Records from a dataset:
++++++++

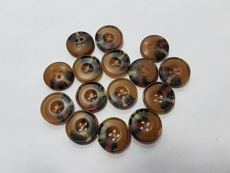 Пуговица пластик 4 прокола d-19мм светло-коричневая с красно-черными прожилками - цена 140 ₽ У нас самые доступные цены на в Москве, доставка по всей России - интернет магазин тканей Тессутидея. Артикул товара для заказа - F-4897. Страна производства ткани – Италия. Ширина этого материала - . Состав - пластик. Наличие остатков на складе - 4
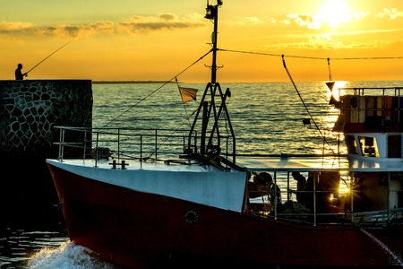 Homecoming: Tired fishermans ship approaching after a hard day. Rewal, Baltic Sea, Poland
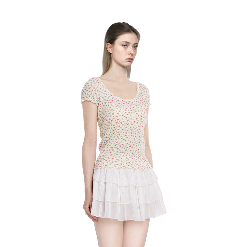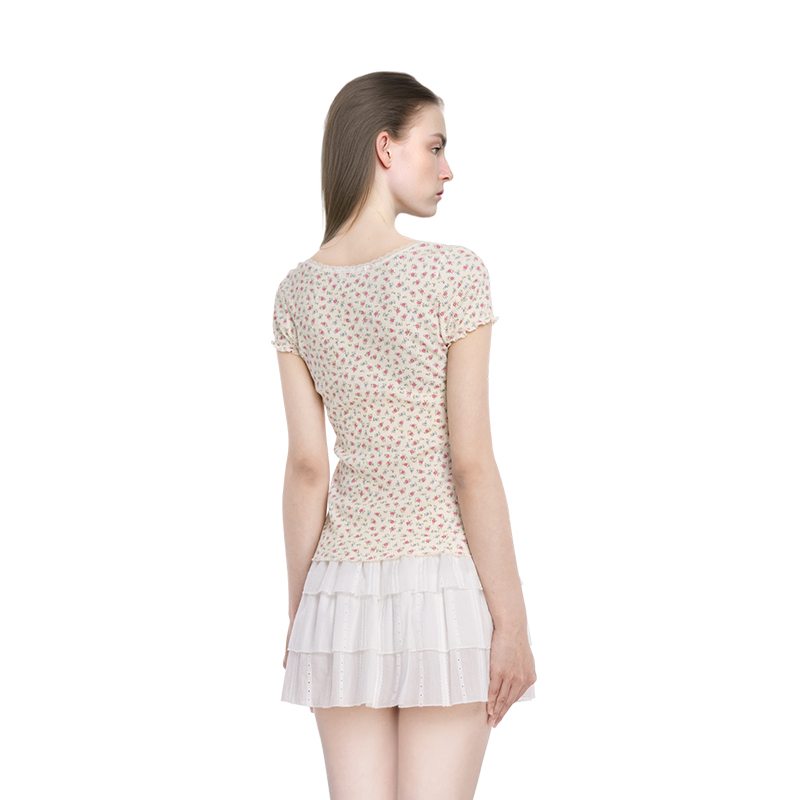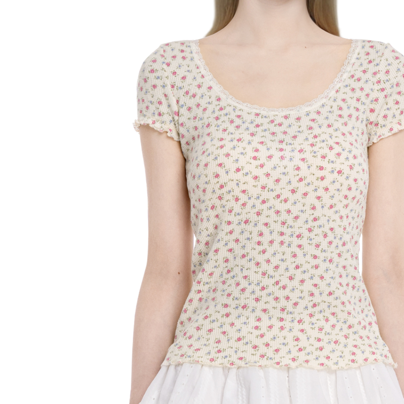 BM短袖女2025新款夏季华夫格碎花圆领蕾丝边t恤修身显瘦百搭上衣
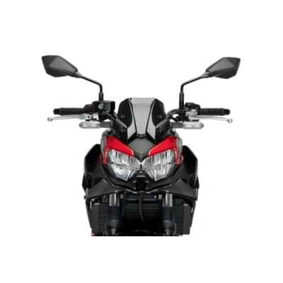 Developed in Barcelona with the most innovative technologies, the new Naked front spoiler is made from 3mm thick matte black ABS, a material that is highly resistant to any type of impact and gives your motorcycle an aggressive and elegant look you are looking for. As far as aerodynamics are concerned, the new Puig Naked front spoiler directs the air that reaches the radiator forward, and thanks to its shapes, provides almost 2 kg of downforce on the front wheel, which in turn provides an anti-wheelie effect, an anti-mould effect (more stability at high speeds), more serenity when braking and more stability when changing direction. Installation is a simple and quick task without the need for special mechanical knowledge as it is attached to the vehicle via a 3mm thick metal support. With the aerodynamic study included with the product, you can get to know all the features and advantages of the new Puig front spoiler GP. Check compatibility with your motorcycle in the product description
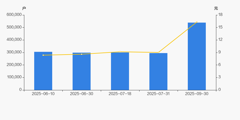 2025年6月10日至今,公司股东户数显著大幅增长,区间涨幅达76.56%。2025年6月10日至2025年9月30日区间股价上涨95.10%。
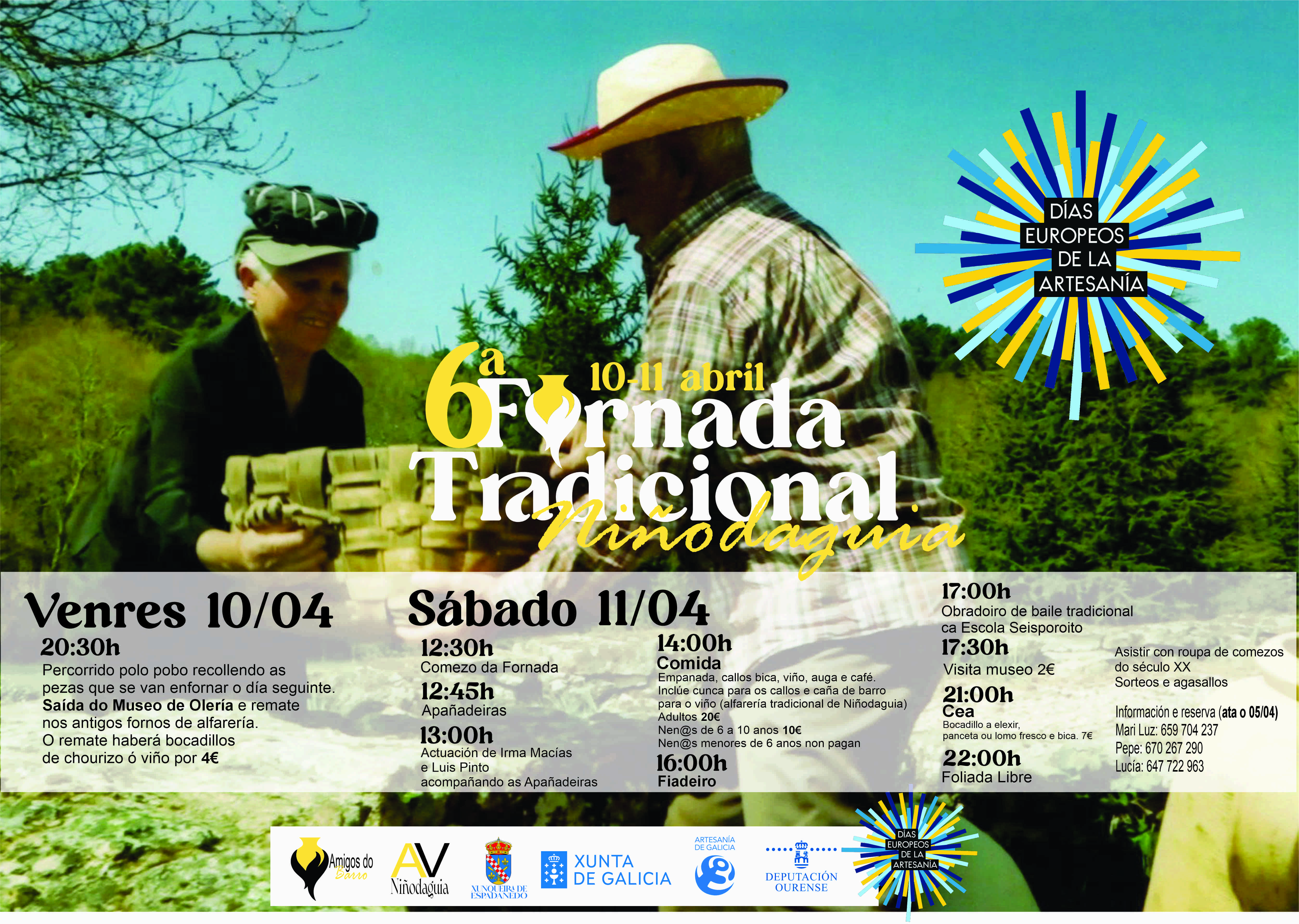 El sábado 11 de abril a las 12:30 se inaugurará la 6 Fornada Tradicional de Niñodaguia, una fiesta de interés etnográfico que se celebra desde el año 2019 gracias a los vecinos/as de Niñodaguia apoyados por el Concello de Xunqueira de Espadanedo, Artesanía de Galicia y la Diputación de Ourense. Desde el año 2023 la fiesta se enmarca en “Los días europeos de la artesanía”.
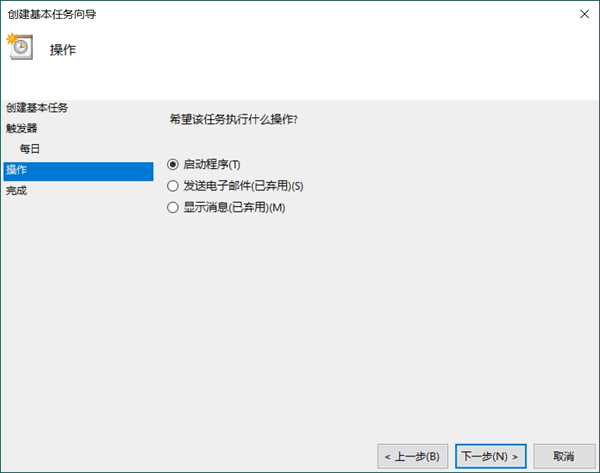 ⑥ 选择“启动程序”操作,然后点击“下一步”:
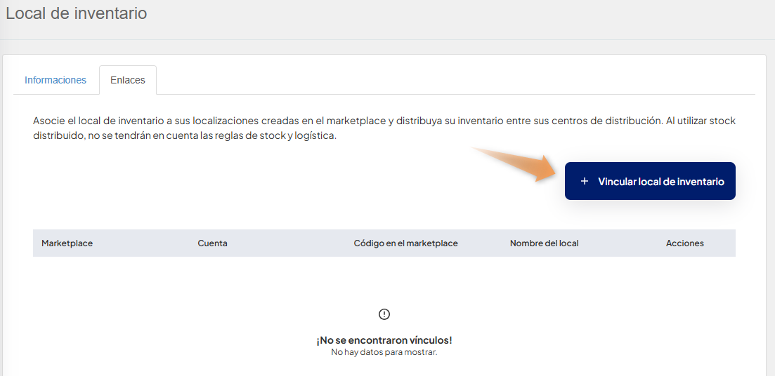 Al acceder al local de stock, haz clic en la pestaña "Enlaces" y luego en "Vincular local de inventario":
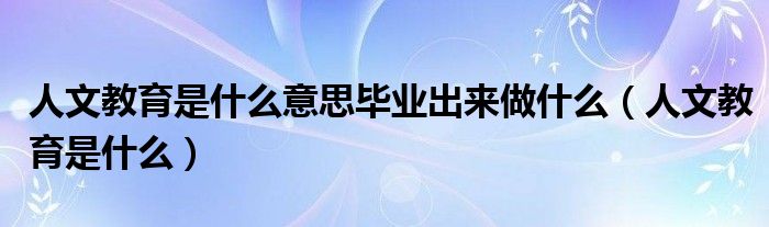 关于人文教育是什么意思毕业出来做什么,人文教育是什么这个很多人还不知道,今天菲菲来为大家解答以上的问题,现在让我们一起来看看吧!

++++++++

Activity: Although the records above contain pictures, the copy should hold only the lines from their start through the line containing "2025年6月10日至今,公", each exactly as written, and none of the pictures.

Response area:
 Пуговица пластик 4 прокола d-19мм светло-коричневая с красно-черными прожилками - цена 140 ₽ У нас самые доступные цены на в Москве, доставка по всей России - интернет магазин тканей Тессутидея. Артикул товара для заказа - F-4897. Страна производства ткани – Италия. Ширина этого материала - . Состав - пластик. Наличие остатков на складе - 4
 Homecoming: Tired fishermans ship approaching after a hard day. Rewal, Baltic Sea, Poland
 BM短袖女2025新款夏季华夫格碎花圆领蕾丝边t恤修身显瘦百搭上衣
 Developed in Barcelona with the most innovative technologies, the new Naked front spoiler is made from 3mm thick matte black ABS, a material that is highly resistant to any type of impact and gives your motorcycle an aggressive and elegant look you are looking for. As far as aerodynamics are concerned, the new Puig Naked front spoiler directs the air that reaches the radiator forward, and thanks to its shapes, provides almost 2 kg of downforce on the front wheel, which in turn provides an anti-wheelie effect, an anti-mould effect (more stability at high speeds), more serenity when braking and more stability when changing direction. Installation is a simple and quick task without the need for special mechanical knowledge as it is attached to the vehicle via a 3mm thick metal support. With the aerodynamic study included with the product, you can get to know all the features and advantages of the new Puig front spoiler GP. Check compatibility with your motorcycle in the product description
 2025年6月10日至今,公司股东户数显著大幅增长,区间涨幅达76.56%。2025年6月10日至2025年9月30日区间股价上涨95.10%。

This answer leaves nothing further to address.